You are given a number that might be so big that it doesn’t fit in any standard type, however the number is provided in a form of [a, b, c, d, …] where every letter stands for the bit number that is set in the byte representation, so you can read it easily. In example [1, 3, 4] represents 1101 = 13. Then you multiply the number by 3. How many bits are set to 1 in the binary representation of the result?

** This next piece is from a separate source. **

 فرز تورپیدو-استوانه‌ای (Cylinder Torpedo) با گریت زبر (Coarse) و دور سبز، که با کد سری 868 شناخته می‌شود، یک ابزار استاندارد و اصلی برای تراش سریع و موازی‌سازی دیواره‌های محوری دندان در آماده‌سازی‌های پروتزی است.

This is a real interview question that has been asked to a friend of mine quite recently. To figure out the solution, we need to firstly consider what the multiplication by 3 really means. Let’s take an example.

 01101
x00011
--------
 01101
+11010
--------
0100111

As you can see the result is the sum of the number itself and the number shifted to left by 1. The former is obvious, as it is the result of multiplying by 1. The latter is what multiplication by 2 does. Multiplication by 2^n shifts the byte left by n positions in a general case.

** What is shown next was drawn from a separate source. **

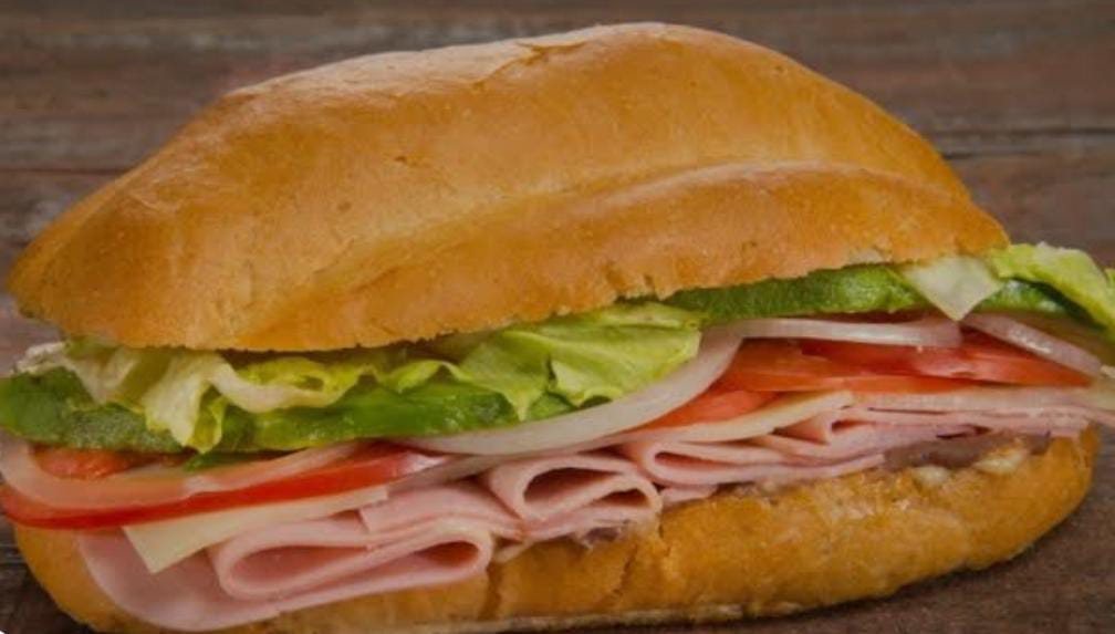 Torta de jamón de pavo, aderezo de la casa acompañado de salsa ketchup y mostaza y chiles jalapeños.

Coming back to our result we get [1, 3, 4] x 3 = [1, 3, 4] << 1 + [1, 3, 4] = [2, 4, 5] + [1, 3, 4]. Now we may answer the question: what bytes will be set after this addition? Recalling the binary arithmetic and we may notice that the solution lays in calculating the result of the addition of the. In simpler words we just need to implement binary addition of numbers represented in the form of [2,4,5] and [1,3,4]. The answer will be the size of the result structure.

int getNumberOfSetBits(vector<int> number)
{
        // calculate the number shifted by 2
        vector<int> shifted = number;
        for(unsigned int i = 0; i < number.size(); i++)
                shifted[i]++;

        bool carry = false;
        vector<int> result;

        // the first element of number will surely be a part of the result
        result.push_back(number[0]);

        // start the addition 
        for(unsigned int i = 1; i < number.size(); i++)
        {
                if(number[i] == shifted[i-1])
                {
                        if(carry)
                        {
                                result.push_back(number[i]);
                        }
                        carry = true;
                }
                else
                {
                        result.push_back(number[i]);
                        result.push_back(shifted[i-1]);
                        carry = false;
                }
        }

        // do not forget the carry the last one from shifted
        int last = shifted.size() - 1;
        if(carry)
                result.push_back(shifted[last] + 1);
        else result.push_back(shifted[last]);

        return result.size(); 
}

The code could be optimized as actually the structure result is not necessary. But it keeps more visible what was the idea behind the algorithm.

Regards

Joe Kidd